By Joseph Passantino
Last year, the New York Yankees returned to the playoffs for the first time since 2012. Unfortunately for fans, the team’s stay did not last long, as the Houston Astros eliminated the Yankees in a one-game wild-card playoff. Thus, for the past three consecutive seasons, the Yankees have not won a game in the postseason.
Surely, the blue-and-white squad will look to break that streak this year. The team’s goal, as Yankees Manager Joe Girardi reminds fans, is to add another title to its impressive World Series legacy. But just how feasible is that goal? As always, there are plenty of moving parts that make the 2016 Yankees an interesting bunch.
One of the biggest improvements General Manager Brian Cashman made in the offseason was acquiring relief pitcher Aroldis Chapman in a trade with the Cincinnati Reds. Chapman will serve a 30-game suspension to start the year in light of domestic violence reports, which is hardly an ideal start to a career in pinstripes. Nonetheless, his return will signal one of the most impressive bullpens in the major leagues, as he joins dominant relievers Andrew Miller and Dellin Betances for a formidable closing trio. With questions surrounding the starting rotation, this configuration figures to prove trustworthy to shut down opposing offenses late in the game.

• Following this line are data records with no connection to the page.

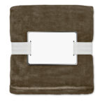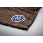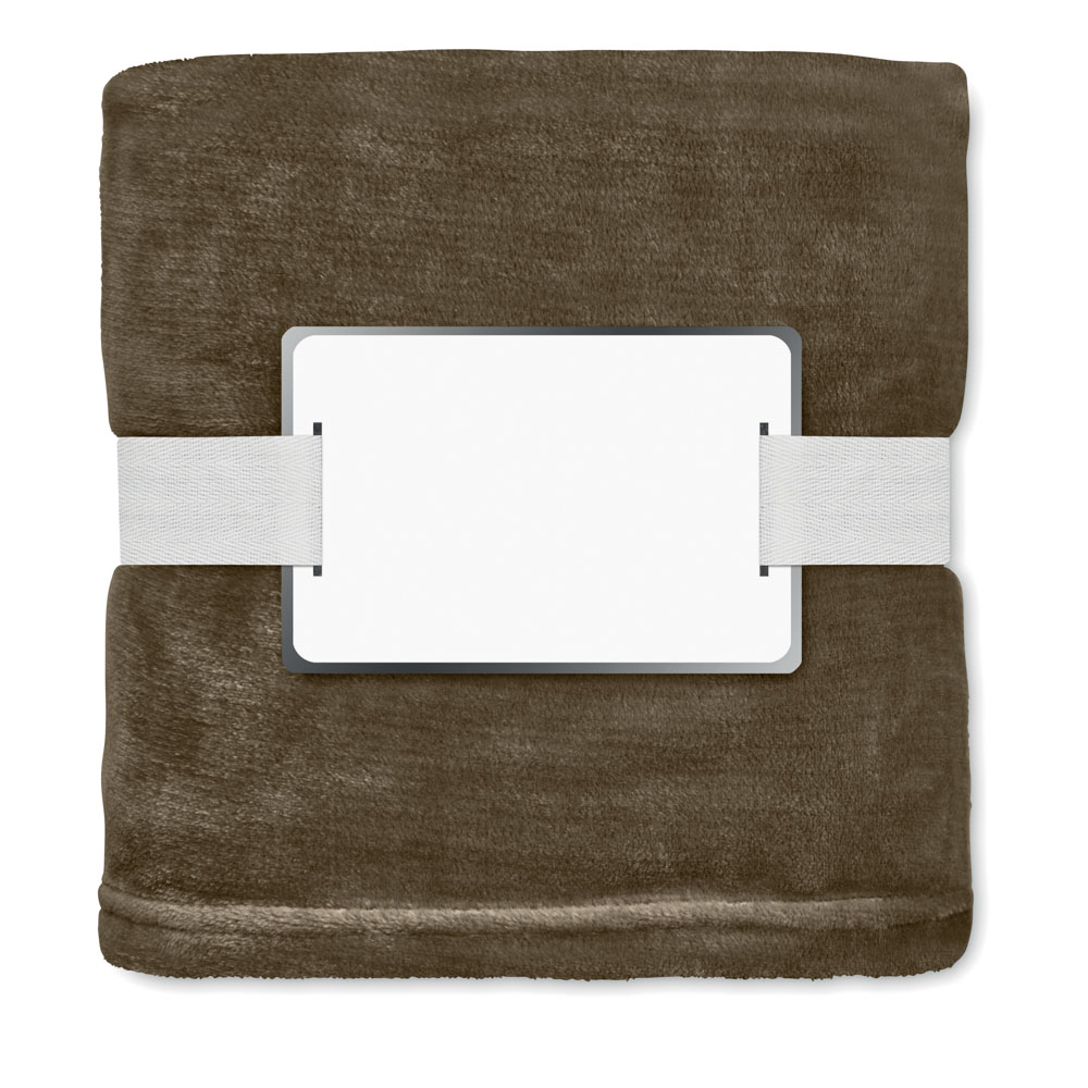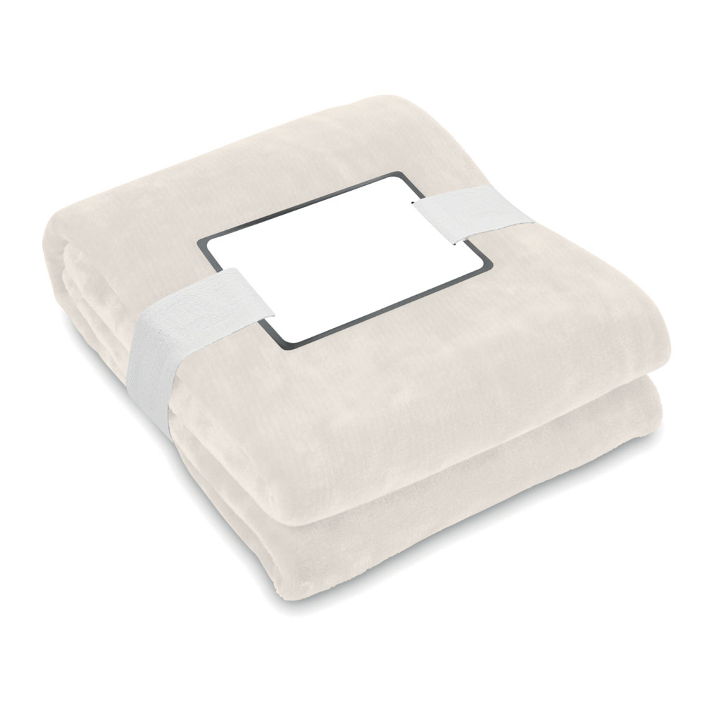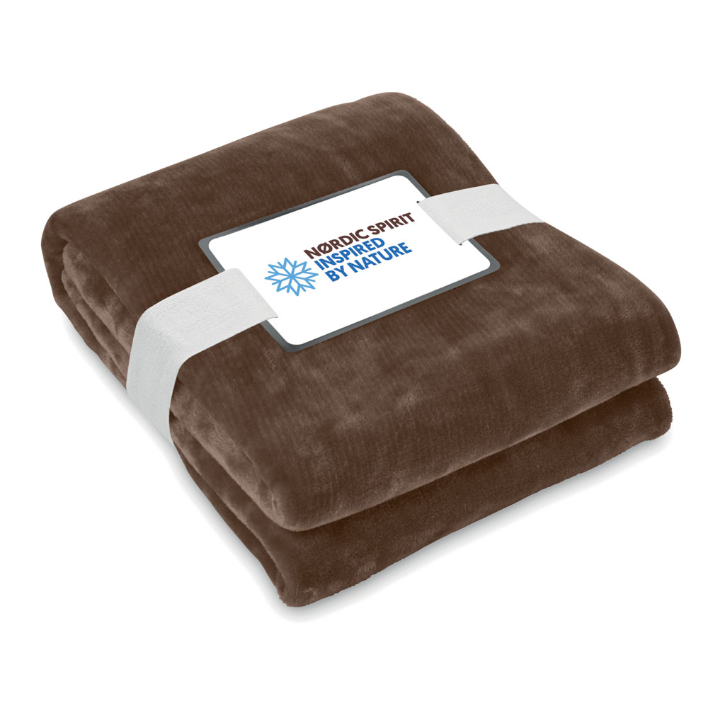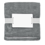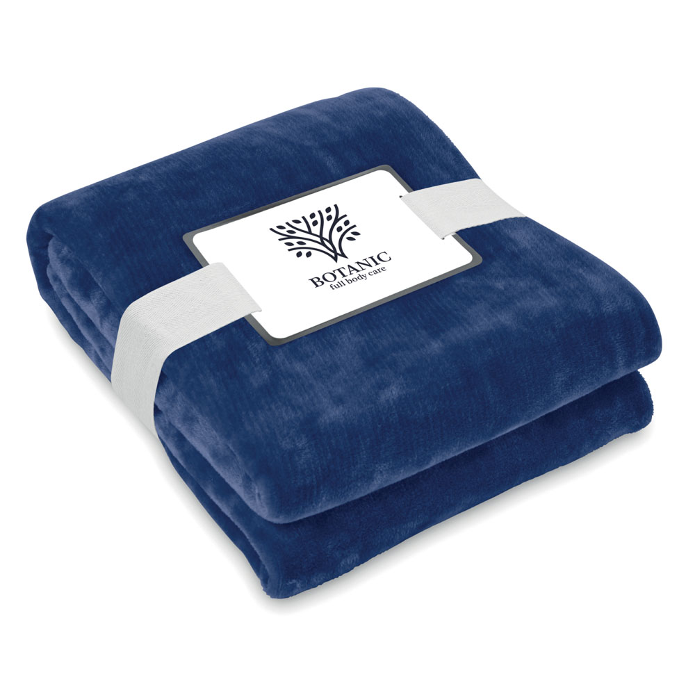 Couverture en polaire flanelle en RPET 280 g/m², dimensions 120 × 150 cm, poids 0,57 kg, enveloppée d’un ruban. Personnalisation possible par broderie sur zone 200 × 200 mm.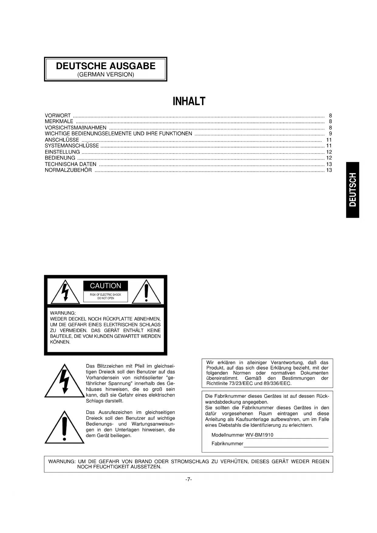 BEDIENUNGSANLEITUNG WVBM1910 PANASONIC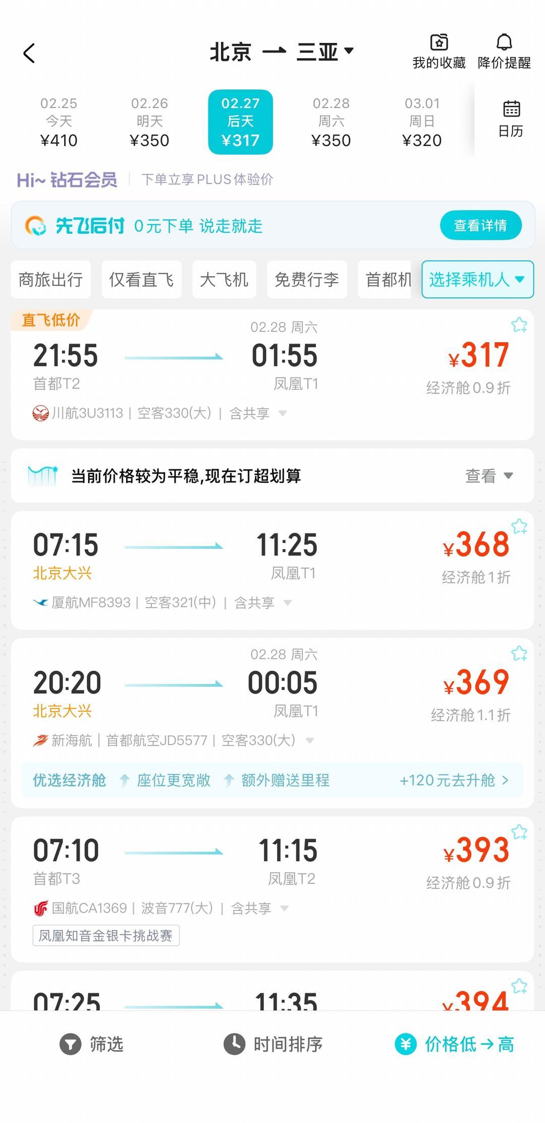 #错峰游的人享受到了骨折价#【春节后有人开启“错峰游”模式 北京飞三亚机票低至320元左右】#北京飞三亚机票低至320元# 长达9天的“史上最长”春节假期已经结束,大多数人已经回到了工作岗位。不过,记者注意到,也有一些上班族利用调休、年假等方式,选择在春节假期结束后的这段时间采用“错峰游”的方式出行或者休假。这种错峰的方式能够享受到“骨折价”的实惠。2月25日,记者注意到,以北京到三亚方向为例,最近几天可以买到300元出头的直飞机票,而在春节假期前后,该线路的机票价格普遍超千元。#机票酒店电影票都降了#

While Yankees fans are familiar with the names in the rotation, they might not know what to expect — and for good reason.
One of the biggest stories surrounding the 2015 postseason was CC Sabathia’s highly-publicized stint in rehab for alcoholism, which removed him from the Yankees’s brief October roster. Sabathia returns to the spotlight this year, though, and it will be interesting to see how he rebounds. While he is not the pitcher he once was, fans will likely stand behind Sabathia as he attempts to put his real-life struggles behind him and get back to doing what he loves.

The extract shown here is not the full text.